Discurso no Senado Federal

CONSIDERAÇÕES SOBRE A REJEIÇÃO, PELA CAMARA DOS DEPUTADOS, DA MAIORIA DAS EMENDAS DO SENADO A NOVA LEI ELEITORAL.

Autor
Jefferson Peres (PSDB - Partido da Social Democracia Brasileira/AM)
Nome completo: José Jefferson Carpinteiro Peres
Casa
Senado Federal
Tipo
Discurso
Resumo por assunto
LEGISLAÇÃO ELEITORAL. LEGISLATIVO.:
  • CONSIDERAÇÕES SOBRE A REJEIÇÃO, PELA CAMARA DOS DEPUTADOS, DA MAIORIA DAS EMENDAS DO SENADO A NOVA LEI ELEITORAL.
Aparteantes
Bernardo Cabral.
Publicação
Publicação no DCN2 de 30/09/1995 - Página 17131
Assunto
Outros > LEGISLAÇÃO ELEITORAL. LEGISLATIVO.
Indexação
  • CRITICA, AUSENCIA, ESTABILIDADE, LEGISLAÇÃO ELEITORAL.
  • ANALISE, CRITICA, REJEIÇÃO, CAMARA DOS DEPUTADOS, MAIORIA, EMENDA, APROVAÇÃO, SENADO, RELAÇÃO, LEGISLAÇÃO ELEITORAL.
  • QUESTIONAMENTO, POSIÇÃO, SENADO, NECESSIDADE, RECUSA, VOTAÇÃO, PROJETO DE LEI, ORIGEM, CAMARA DOS DEPUTADOS, REDUÇÃO, PRAZO, APRECIAÇÃO, MATERIA.

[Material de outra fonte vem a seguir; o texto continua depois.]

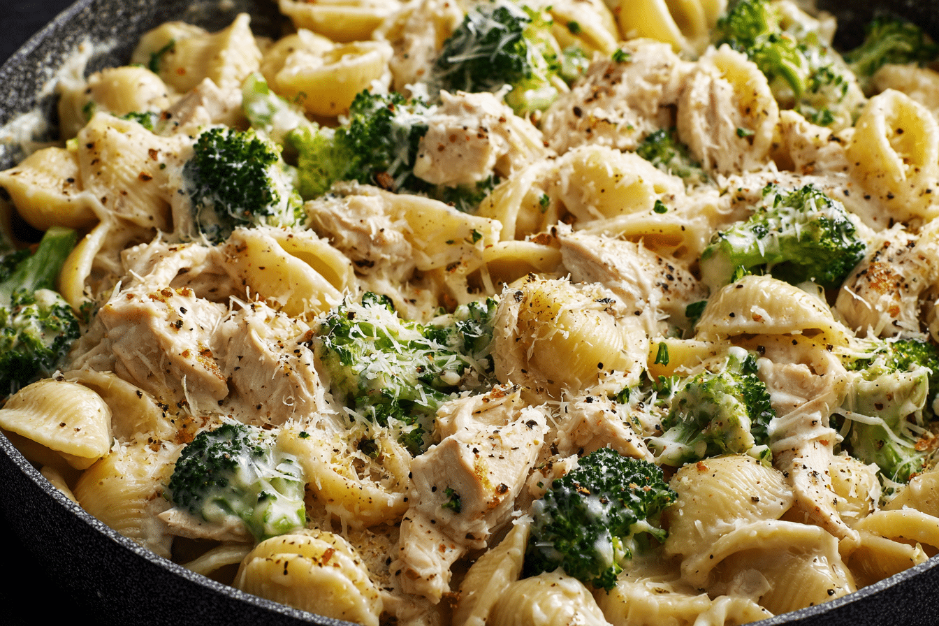 Creamy Rotisserie Chicken Broccoli Pasta combines tender shredded chicken, fresh broccoli, and short pasta in a rich, garlic-Parmesan cream sauce — ready in just 30 minutes for a comforting weeknight meal.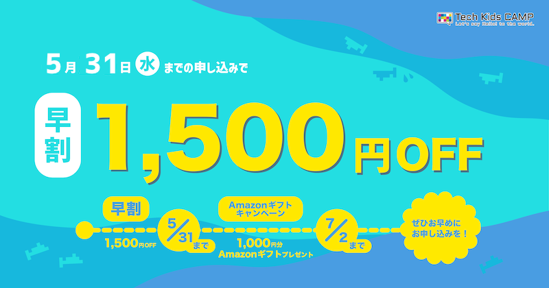 現在、5月31日(水)までのお申込みで1,500円の割引を行う早期申込みキャンペーンや、1,000円相当のAmazonギフト券がもらえるお友達紹介特典といったお得なキャンペーンも実施しています。

O SR. JEFFERSON PÉRES (PSDB-AM. Pronuncia o seguinte discurso. Sem revisão do orador) - Sr. Presidente, Srs. Senadores, freqüentemente tem-se dito, e de forma absolutamente injusta, que o Brasil não é um País sério; absolutamente injusta porque se trata de generalização que ofende todo um povo. Certamente há segmentos nos quais parece predominar a falta de seriedade. Entre esses segmentos, incluo - e o faço com muita tristeza - a classe política brasileira.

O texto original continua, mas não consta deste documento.